▶ [The task]
Repeat only the lines below that run from the line with "A vivid depiction" to the line with "다만 쿠팡쪽에서 후속", ends included; skip every picture.

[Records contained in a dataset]
"""

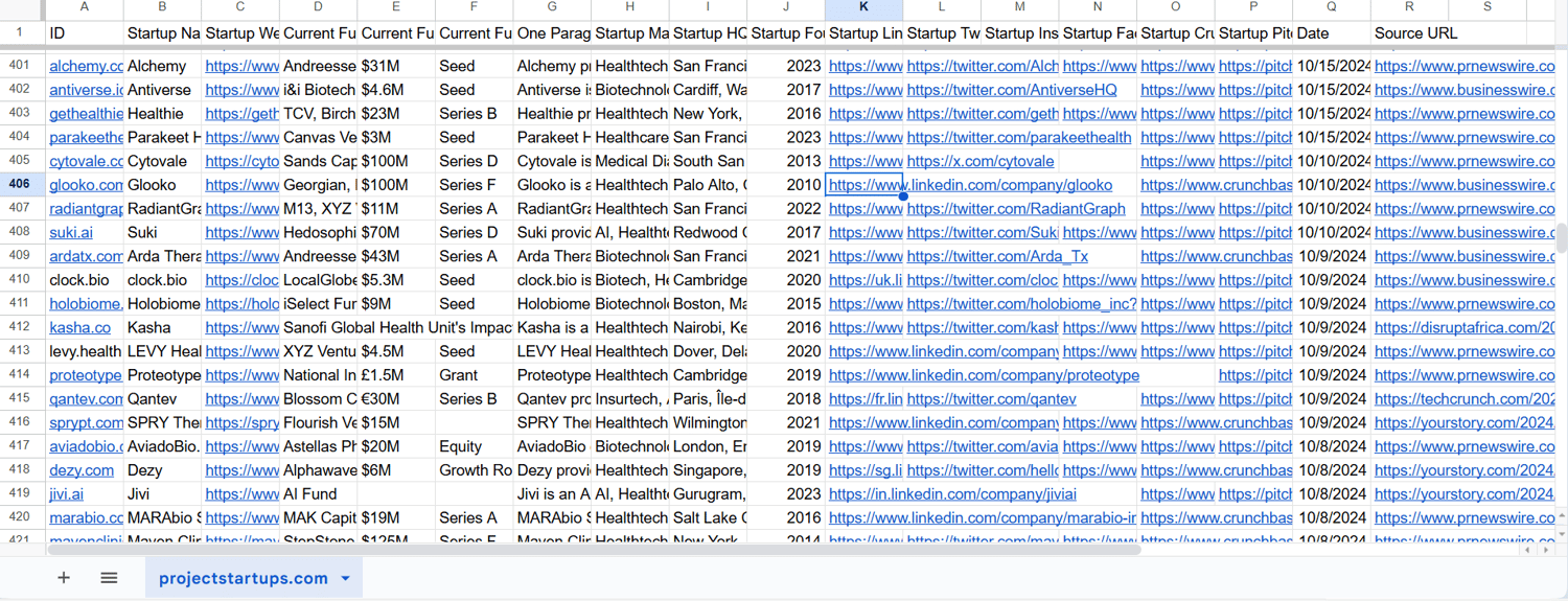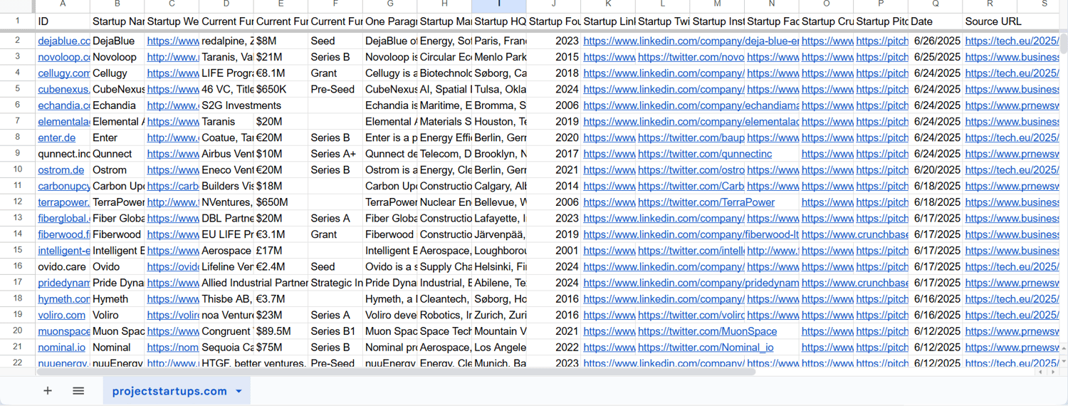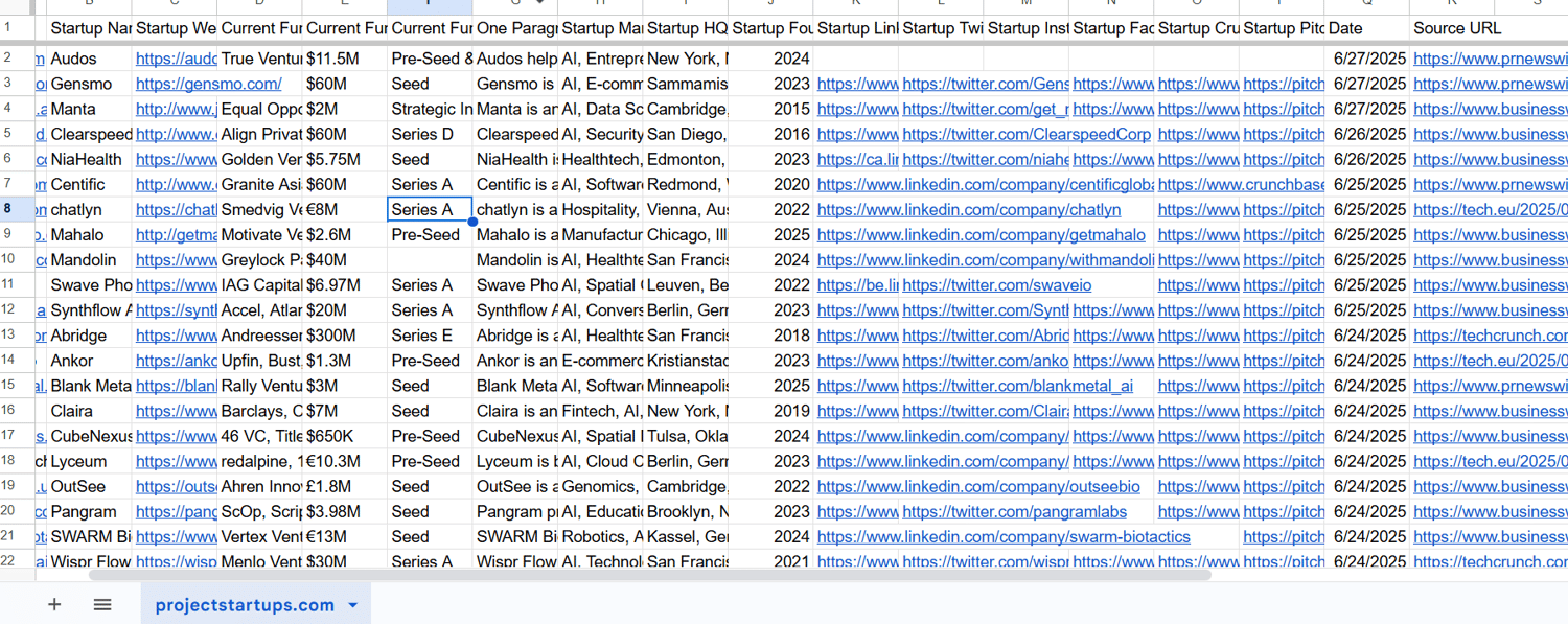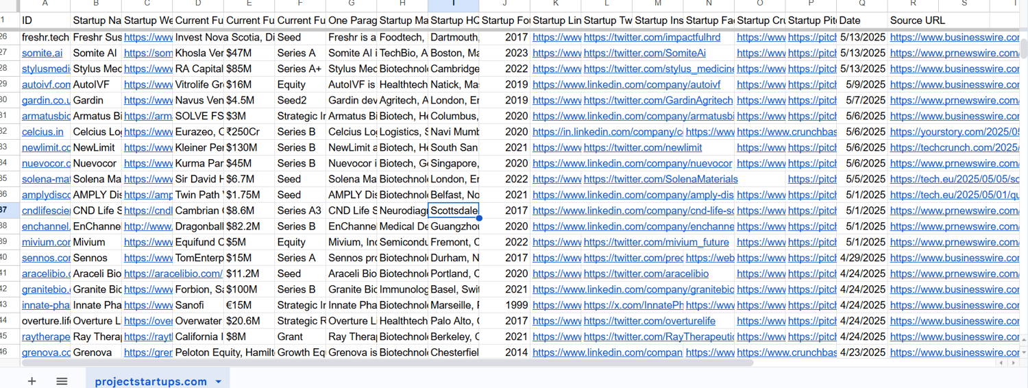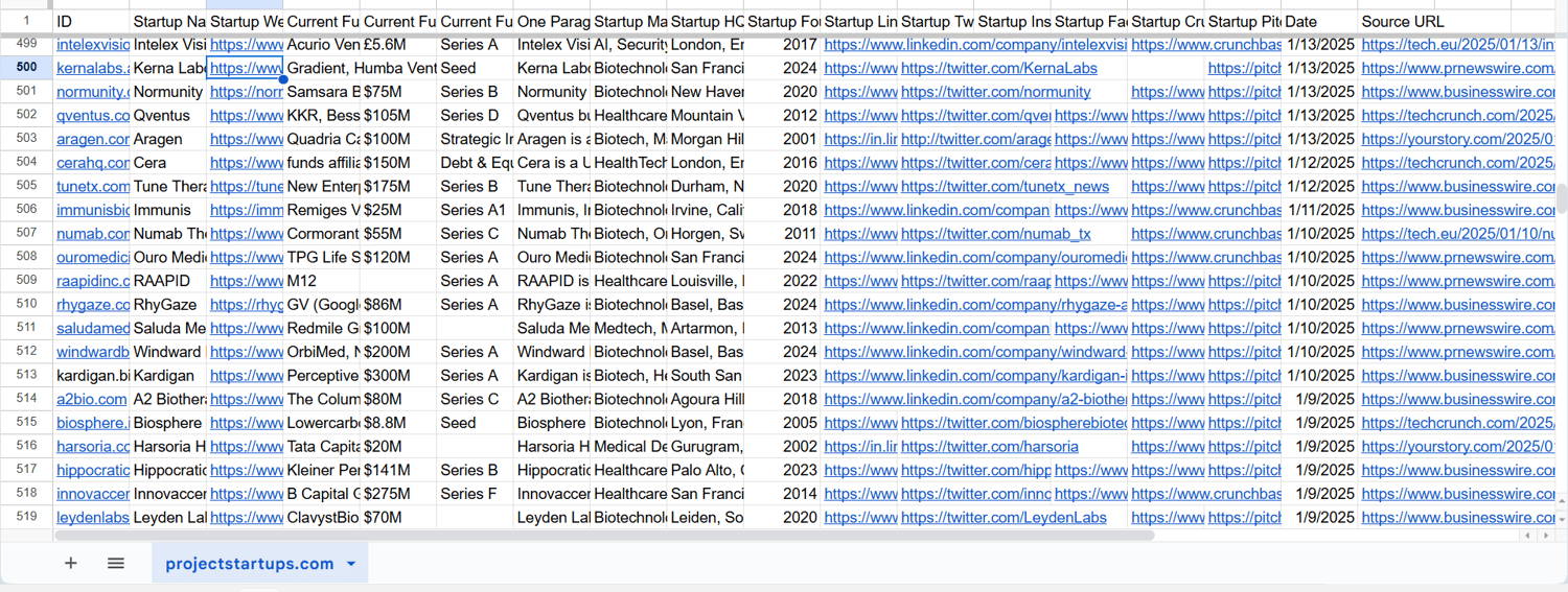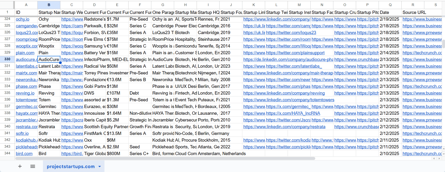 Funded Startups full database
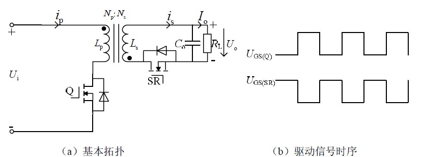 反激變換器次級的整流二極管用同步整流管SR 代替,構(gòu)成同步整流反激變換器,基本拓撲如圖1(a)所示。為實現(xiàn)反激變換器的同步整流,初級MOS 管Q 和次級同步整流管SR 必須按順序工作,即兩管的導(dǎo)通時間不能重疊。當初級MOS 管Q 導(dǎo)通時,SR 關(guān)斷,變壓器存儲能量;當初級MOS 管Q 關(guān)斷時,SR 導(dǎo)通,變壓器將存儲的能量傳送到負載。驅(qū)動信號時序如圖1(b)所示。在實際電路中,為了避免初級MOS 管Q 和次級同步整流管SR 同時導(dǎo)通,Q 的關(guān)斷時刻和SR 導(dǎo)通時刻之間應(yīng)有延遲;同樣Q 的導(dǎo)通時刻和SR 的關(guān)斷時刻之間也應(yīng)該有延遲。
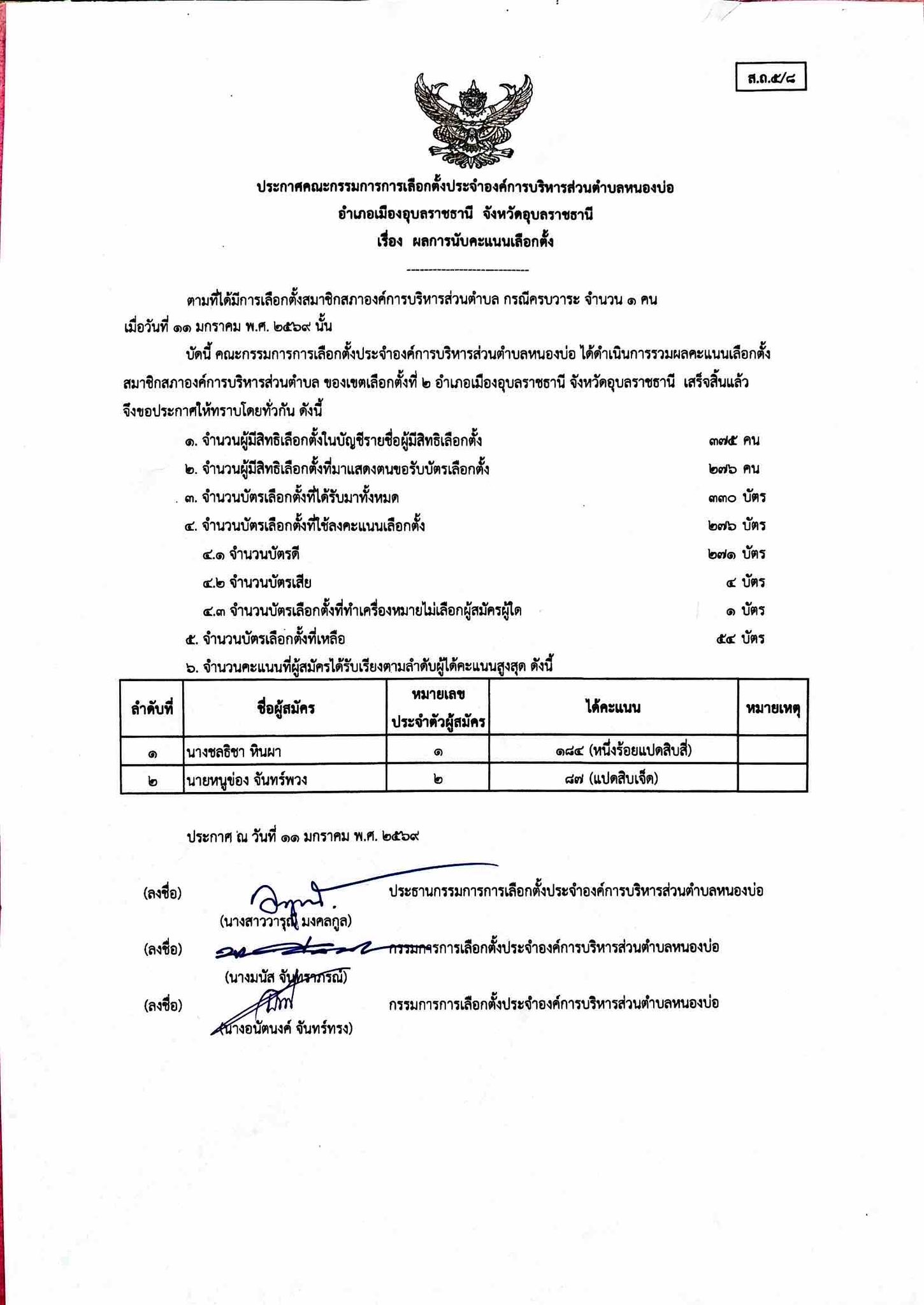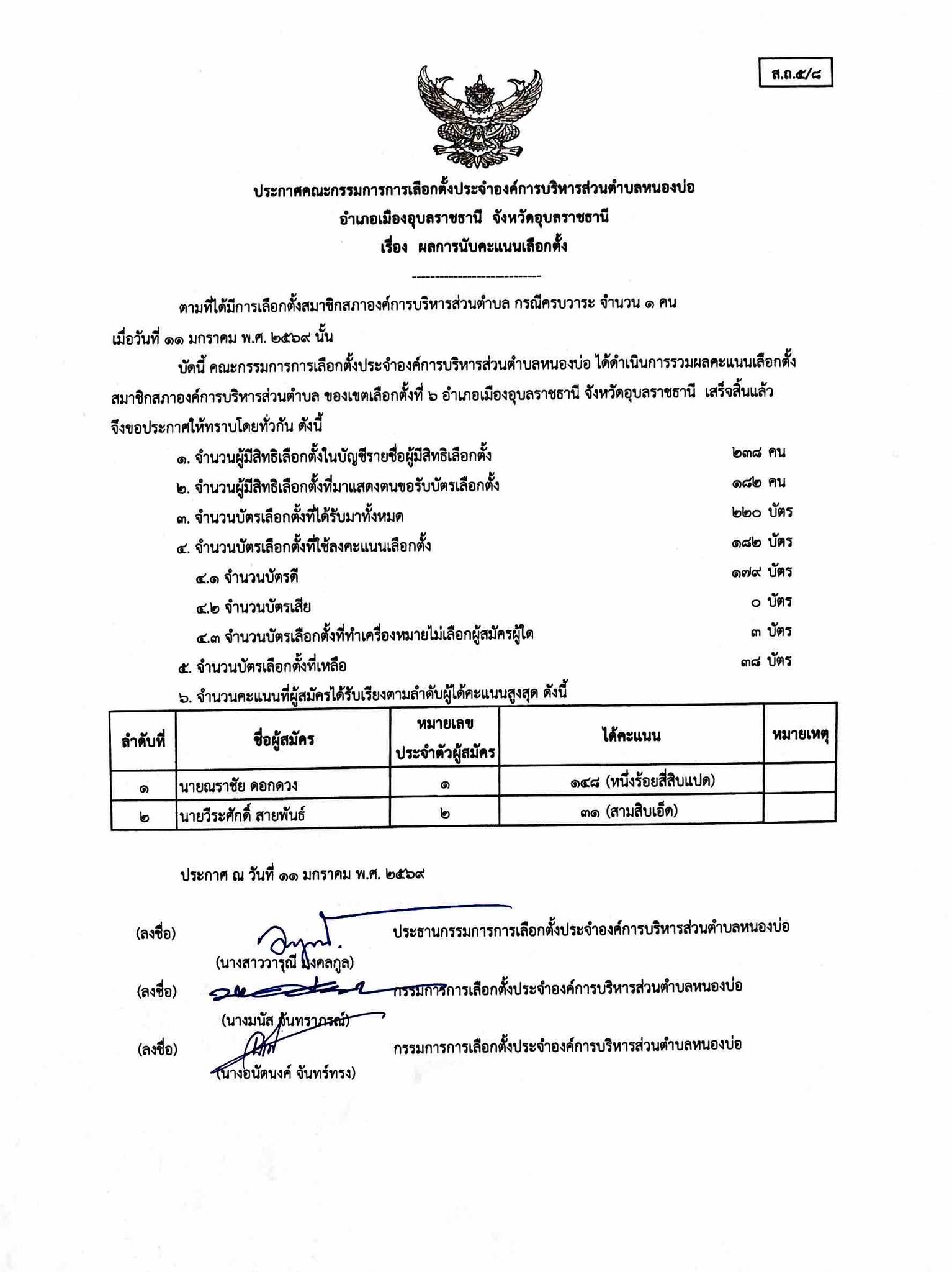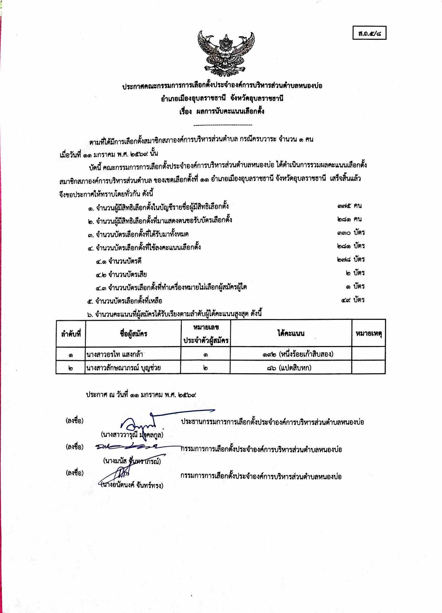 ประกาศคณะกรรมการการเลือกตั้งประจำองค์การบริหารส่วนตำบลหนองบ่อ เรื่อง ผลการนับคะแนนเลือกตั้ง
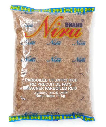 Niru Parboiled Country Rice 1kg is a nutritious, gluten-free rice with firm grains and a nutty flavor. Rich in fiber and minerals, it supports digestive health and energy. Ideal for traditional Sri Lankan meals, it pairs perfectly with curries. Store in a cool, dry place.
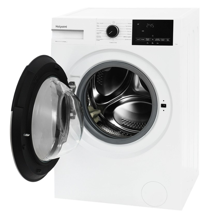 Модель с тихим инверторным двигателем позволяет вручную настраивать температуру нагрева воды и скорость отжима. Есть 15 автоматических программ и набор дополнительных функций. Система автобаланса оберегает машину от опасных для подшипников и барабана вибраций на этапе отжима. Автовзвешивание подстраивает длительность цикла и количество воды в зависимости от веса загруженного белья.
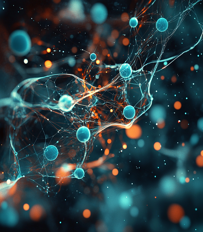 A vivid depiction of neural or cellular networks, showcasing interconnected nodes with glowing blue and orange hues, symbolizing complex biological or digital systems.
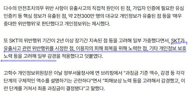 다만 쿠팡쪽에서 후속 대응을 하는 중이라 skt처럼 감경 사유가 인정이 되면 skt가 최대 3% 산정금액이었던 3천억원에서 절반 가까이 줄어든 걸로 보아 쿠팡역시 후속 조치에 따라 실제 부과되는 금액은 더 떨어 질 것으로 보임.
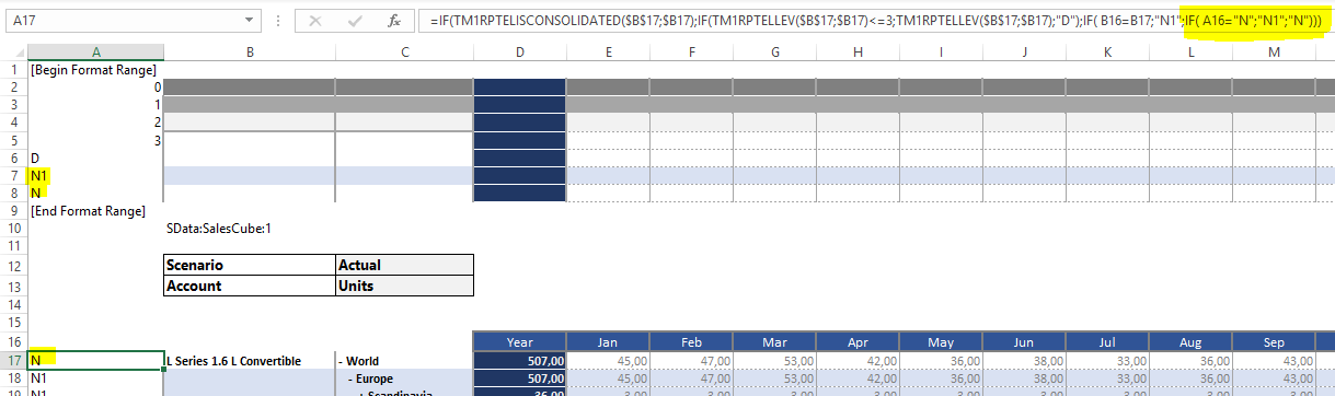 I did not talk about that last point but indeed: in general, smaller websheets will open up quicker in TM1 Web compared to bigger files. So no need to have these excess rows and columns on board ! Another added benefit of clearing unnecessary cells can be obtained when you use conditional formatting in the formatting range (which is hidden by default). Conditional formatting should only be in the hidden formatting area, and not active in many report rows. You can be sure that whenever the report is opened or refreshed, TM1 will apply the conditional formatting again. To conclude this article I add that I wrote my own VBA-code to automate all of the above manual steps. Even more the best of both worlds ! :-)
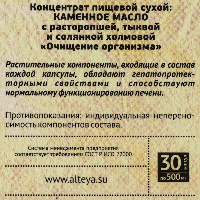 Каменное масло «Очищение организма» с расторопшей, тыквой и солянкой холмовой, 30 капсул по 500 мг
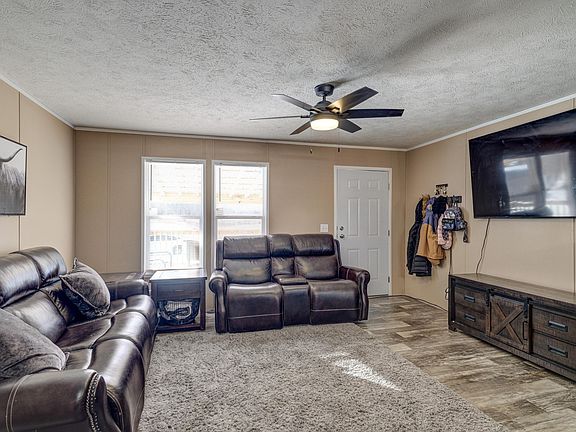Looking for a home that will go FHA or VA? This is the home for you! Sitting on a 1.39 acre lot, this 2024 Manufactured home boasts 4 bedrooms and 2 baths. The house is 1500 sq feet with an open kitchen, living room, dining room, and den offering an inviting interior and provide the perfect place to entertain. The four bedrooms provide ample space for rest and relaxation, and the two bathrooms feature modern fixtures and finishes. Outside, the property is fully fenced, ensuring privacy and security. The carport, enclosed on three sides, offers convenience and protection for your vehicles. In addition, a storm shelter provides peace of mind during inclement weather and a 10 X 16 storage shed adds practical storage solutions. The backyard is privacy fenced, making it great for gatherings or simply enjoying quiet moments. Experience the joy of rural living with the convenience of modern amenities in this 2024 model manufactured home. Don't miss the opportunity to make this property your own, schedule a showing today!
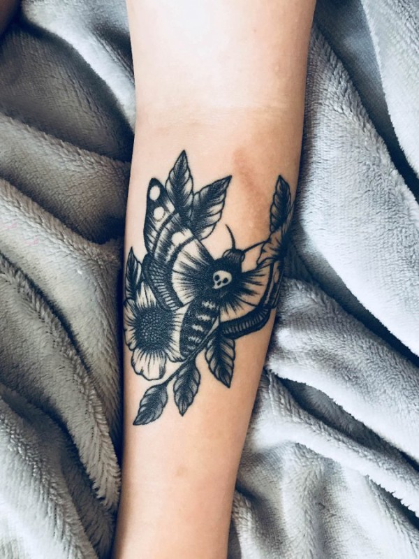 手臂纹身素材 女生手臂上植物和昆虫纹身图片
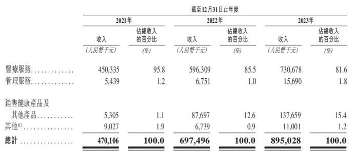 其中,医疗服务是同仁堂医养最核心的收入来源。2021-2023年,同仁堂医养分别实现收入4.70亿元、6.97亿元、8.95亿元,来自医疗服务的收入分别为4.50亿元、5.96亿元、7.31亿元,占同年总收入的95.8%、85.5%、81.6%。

"""

▶ [Task response]
 A vivid depiction of neural or cellular networks, showcasing interconnected nodes with glowing blue and orange hues, symbolizing complex biological or digital systems.
 다만 쿠팡쪽에서 후속 대응을 하는 중이라 skt처럼 감경 사유가 인정이 되면 skt가 최대 3% 산정금액이었던 3천억원에서 절반 가까이 줄어든 걸로 보아 쿠팡역시 후속 조치에 따라 실제 부과되는 금액은 더 떨어 질 것으로 보임.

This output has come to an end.